Even if every safety program in the country expanded tomorrow, the numbers still would not close. College enrollment is under pressure broadly, and pulling from the trades is not a clean fix either because the trades are short too. Moving a foreman into safety may solve one seat, but it opens another.
The trades felt this shortage early. Safety is feeling it now. Companies trying to solve it with a single lever are going to keep losing.
What each pipeline actually gives you
New graduates bring current regulatory knowledge, formal training in hazard recognition, and comfort with the kind of data and tools the role is moving toward. What they usually do not have yet is field judgment or the credibility that gets a crew to stop work. That takes time, repetition, and a good mentor.
Experienced tradespeople are often the opposite. The credibility is there on day one. The technical layer, including regulation, incident investigation, documentation, and analytics, has to be added. When it works, it can work fast because the field instincts are already in place. The cost is real though. You are pulling someone your projects depend on, and you are filling their old seat while developing them into a new one.
Career changers are one of the most underused groups. Former military, EMS, environmental professionals, and operations managers from other industries often bring organizational skills and decision-making experience that transfer well. The risk is jobsite credibility, which has to be built through exposure, humility, and consistency.
Internal promotions from other roles in the company, such as coordinators, schedulers, quality, or operations, can also work. These people already know your processes, your clients, and your culture. That shortens onboarding significantly. What they usually need is technical depth and structured support.
The companies getting this right are running all four pipelines at once. They hire new graduates. They identify field leaders who may be able to transition into safety. They recruit from adjacent fields where the instincts transfer. They build relationships with college programs before they need to hire from them.
Where companies get this wrong
A few patterns show up repeatedly.
Companies treat development as a one-time event, such as a course, a certificate, or a week of shadowing, instead of a multi-year process. They promote someone into a safety seat without giving them the time or support to actually grow into it, then wonder why it did not work. They hire from one pipeline because it worked once, then ignore the others.
They also underinvest in the senior safety leader who is supposed to be developing everyone else. That person is often buried in meetings, paperwork, incident follow-up, and project demands.
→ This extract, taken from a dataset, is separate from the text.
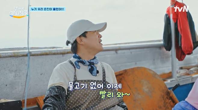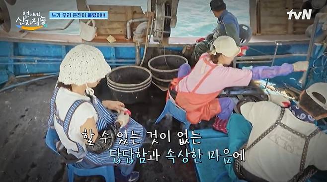 안은진은 "너무 속상하다. 열심히 일하고 싶은데 바다 나갔을 땐 전혀 도움이 되지 못하는 그런 사람이다"라며 속상해했다. 염정아와 차태현은 그런 안은진을 다독여줬다. 안은진이 민망해하지 않도록 차태현은 "보지 마라. 계속 팔딱거린다"고 말했다. 염정아는 열심히 조업에 참여했다. 천직을 찾은 듯한 염정아의 능숙한 모습에 차태현은 "여기 집 하나 하셔야겠다"라고 추천해 웃음을 자아냈다. 안은진도 "언니 너무 잘한다"며 감탄했다.

By the time mentoring shows up on the calendar, there is no capacity left.
That is the quiet killer. Development does not happen if the person responsible for it is underwater.
Technology changes what these people can cover
The other half of the equation is capacity. A safety manager used to spend much of the week chasing observations, writing reports, building toolbox talks, answering repeat regulatory questions, and trying to turn messy field input into something useful.
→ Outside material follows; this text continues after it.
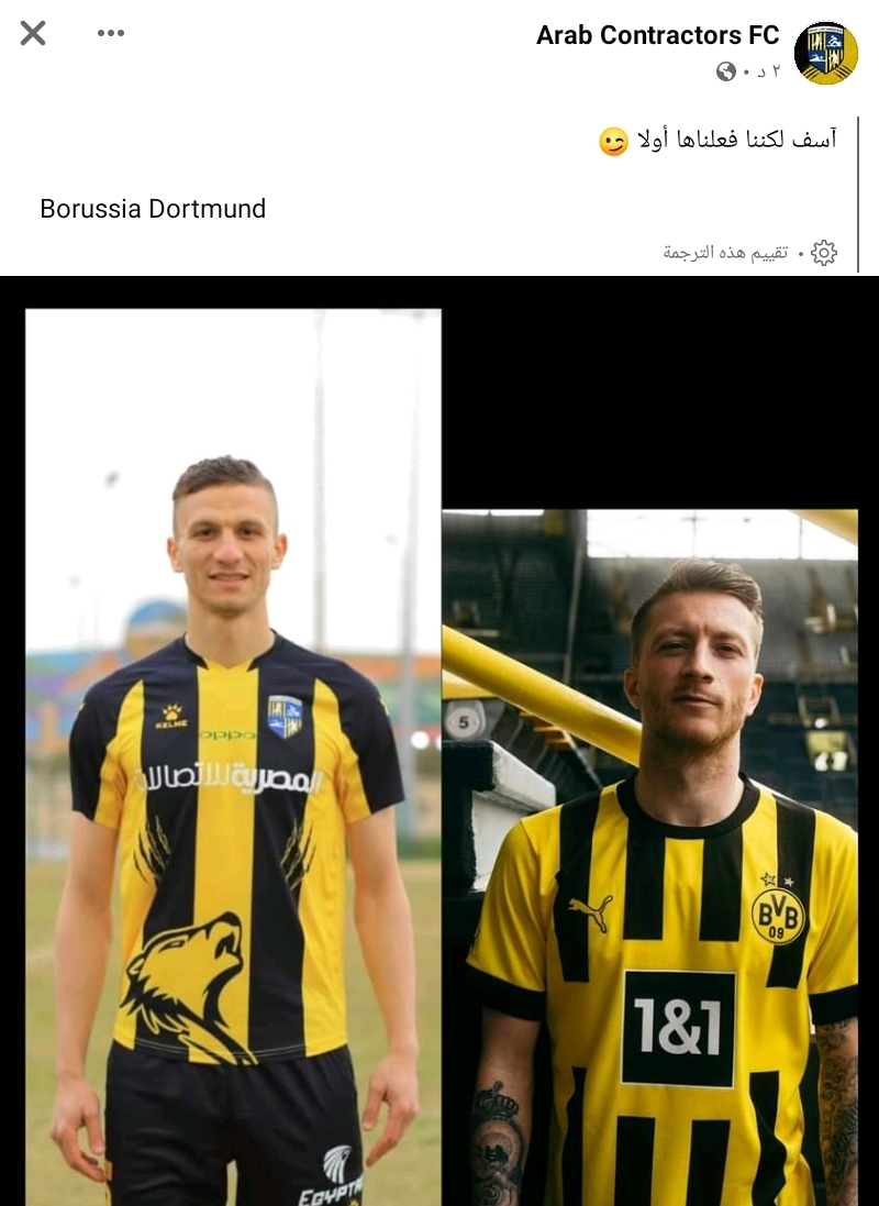 ونشر بوروسيا دورتموند صورًا لقميص الفريق الجديد للموسم المقبل، والذي يتشابه مع قميص فريق المقاولون العرب باللون الأصفر والأسود.

That work is changing. Field reports can now be captured by voice, photo, or short video and returned in a structured format. Regulatory questions can be answered with citations. Hazard photos can be analyzed through energy-based frameworks and connected to controls. Toolbox talks can be built around the actual risk patterns showing up across active sites. Analytics can be surfaced through a question instead of another spreadsheet.
None of this replaces the safety professional. It reduces the administrative weight around the role. That matters because judgment is still the scarce resource.
When the routine work becomes lighter, one experienced safety professional can cover more ground. A newer professional can become useful faster. A tradesperson moving into safety can close the technical gap with more support. A career changer can learn within a more structured system. An internal promote can build confidence while still having backup on the regulatory side.
Technology does not solve the talent shortage by itself. But it does change the productivity curve of the people you already have and the people you are trying to develop.
The path forward
There is no hidden supply of experienced safety managers about to enter the market. There is no single pipeline that fixes this.
The companies that will staff the next decade are the ones building multiple hiring channels, investing in development across all of them, and giving every safety professional tools that stretch what one person can cover.
The ones waiting for one clean fix are going to keep falling behind.